**Goal of the exercise**
Exactly as written, output the lines below starting from the first and ending with the line that contains "Jörg Kukies bei"; omit pictures.

Segment Start: Extracted entries

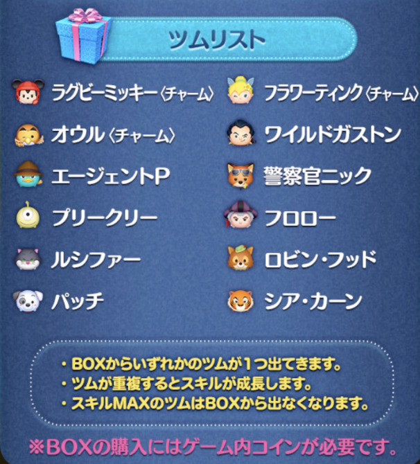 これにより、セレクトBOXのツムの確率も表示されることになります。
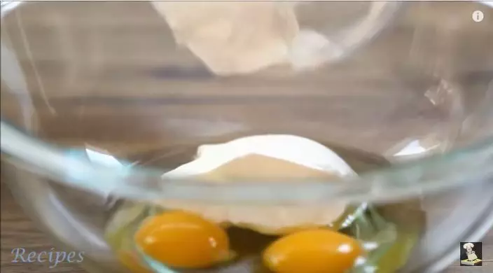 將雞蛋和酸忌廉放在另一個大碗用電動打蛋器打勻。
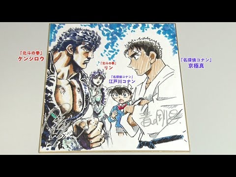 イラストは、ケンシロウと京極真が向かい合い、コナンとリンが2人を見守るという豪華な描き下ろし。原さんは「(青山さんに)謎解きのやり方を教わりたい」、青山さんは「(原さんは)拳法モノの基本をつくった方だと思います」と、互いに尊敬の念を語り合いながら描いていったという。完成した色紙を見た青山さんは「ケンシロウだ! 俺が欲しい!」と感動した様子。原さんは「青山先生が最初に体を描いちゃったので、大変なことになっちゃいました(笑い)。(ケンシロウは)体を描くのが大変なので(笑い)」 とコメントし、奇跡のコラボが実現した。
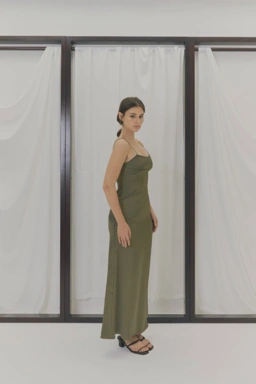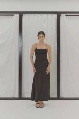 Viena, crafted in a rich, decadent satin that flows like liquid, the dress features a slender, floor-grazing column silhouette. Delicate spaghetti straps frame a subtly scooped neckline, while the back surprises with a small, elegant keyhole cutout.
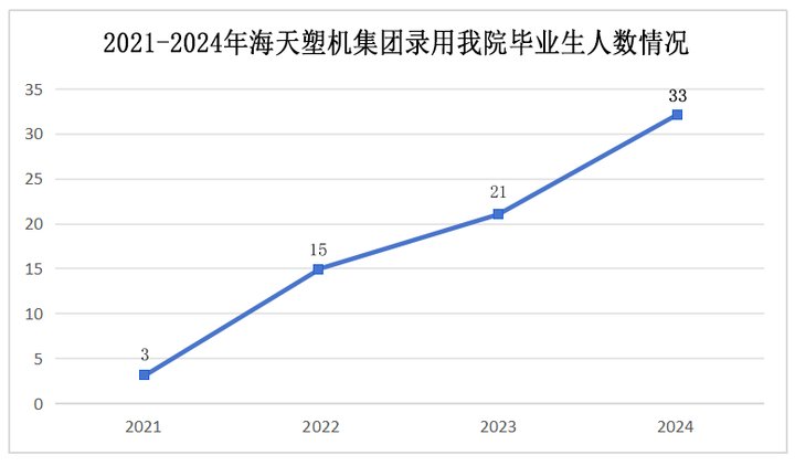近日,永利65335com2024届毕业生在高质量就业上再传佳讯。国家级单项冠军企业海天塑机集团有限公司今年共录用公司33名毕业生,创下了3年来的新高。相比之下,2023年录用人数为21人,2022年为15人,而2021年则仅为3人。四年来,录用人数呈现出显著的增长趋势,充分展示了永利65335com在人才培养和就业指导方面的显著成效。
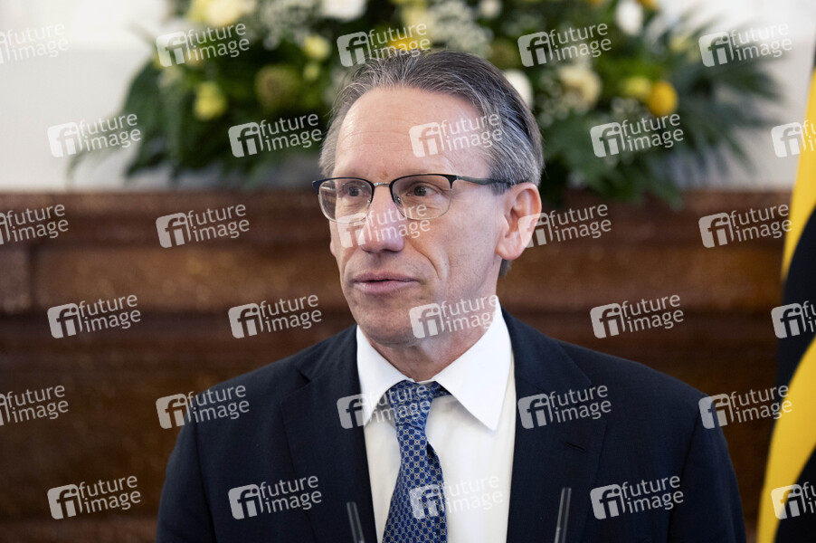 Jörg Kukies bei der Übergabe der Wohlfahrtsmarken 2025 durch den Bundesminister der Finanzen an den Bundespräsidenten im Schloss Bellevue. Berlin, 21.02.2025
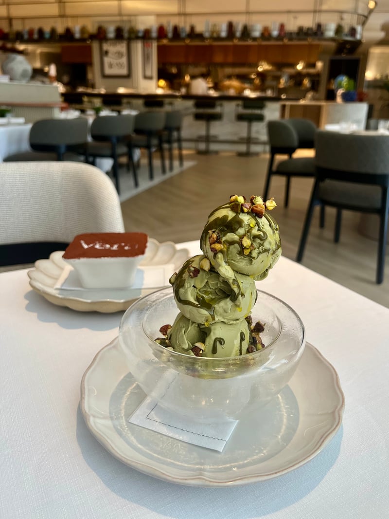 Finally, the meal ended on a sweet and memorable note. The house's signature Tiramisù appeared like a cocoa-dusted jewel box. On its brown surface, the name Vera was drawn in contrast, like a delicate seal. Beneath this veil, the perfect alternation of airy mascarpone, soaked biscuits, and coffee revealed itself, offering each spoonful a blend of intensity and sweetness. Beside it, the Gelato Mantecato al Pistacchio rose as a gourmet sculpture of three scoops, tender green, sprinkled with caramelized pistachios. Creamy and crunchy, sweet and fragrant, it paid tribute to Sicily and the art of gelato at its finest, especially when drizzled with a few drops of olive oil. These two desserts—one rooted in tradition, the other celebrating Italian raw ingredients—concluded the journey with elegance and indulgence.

Segment End: Extracted entries

**Reply**
 これにより、セレクトBOXのツムの確率も表示されることになります。
 將雞蛋和酸忌廉放在另一個大碗用電動打蛋器打勻。
 イラストは、ケンシロウと京極真が向かい合い、コナンとリンが2人を見守るという豪華な描き下ろし。原さんは「(青山さんに)謎解きのやり方を教わりたい」、青山さんは「(原さんは)拳法モノの基本をつくった方だと思います」と、互いに尊敬の念を語り合いながら描いていったという。完成した色紙を見た青山さんは「ケンシロウだ! 俺が欲しい!」と感動した様子。原さんは「青山先生が最初に体を描いちゃったので、大変なことになっちゃいました(笑い)。(ケンシロウは)体を描くのが大変なので(笑い)」 とコメントし、奇跡のコラボが実現した。
 Viena, crafted in a rich, decadent satin that flows like liquid, the dress features a slender, floor-grazing column silhouette. Delicate spaghetti straps frame a subtly scooped neckline, while the back surprises with a small, elegant keyhole cutout.
近日,永利65335com2024届毕业生在高质量就业上再传佳讯。国家级单项冠军企业海天塑机集团有限公司今年共录用公司33名毕业生,创下了3年来的新高。相比之下,2023年录用人数为21人,2022年为15人,而2021年则仅为3人。四年来,录用人数呈现出显著的增长趋势,充分展示了永利65335com在人才培养和就业指导方面的显著成效。
 Jörg Kukies bei der Übergabe der Wohlfahrtsmarken 2025 durch den Bundesminister der Finanzen an den Bundespräsidenten im Schloss Bellevue. Berlin, 21.02.2025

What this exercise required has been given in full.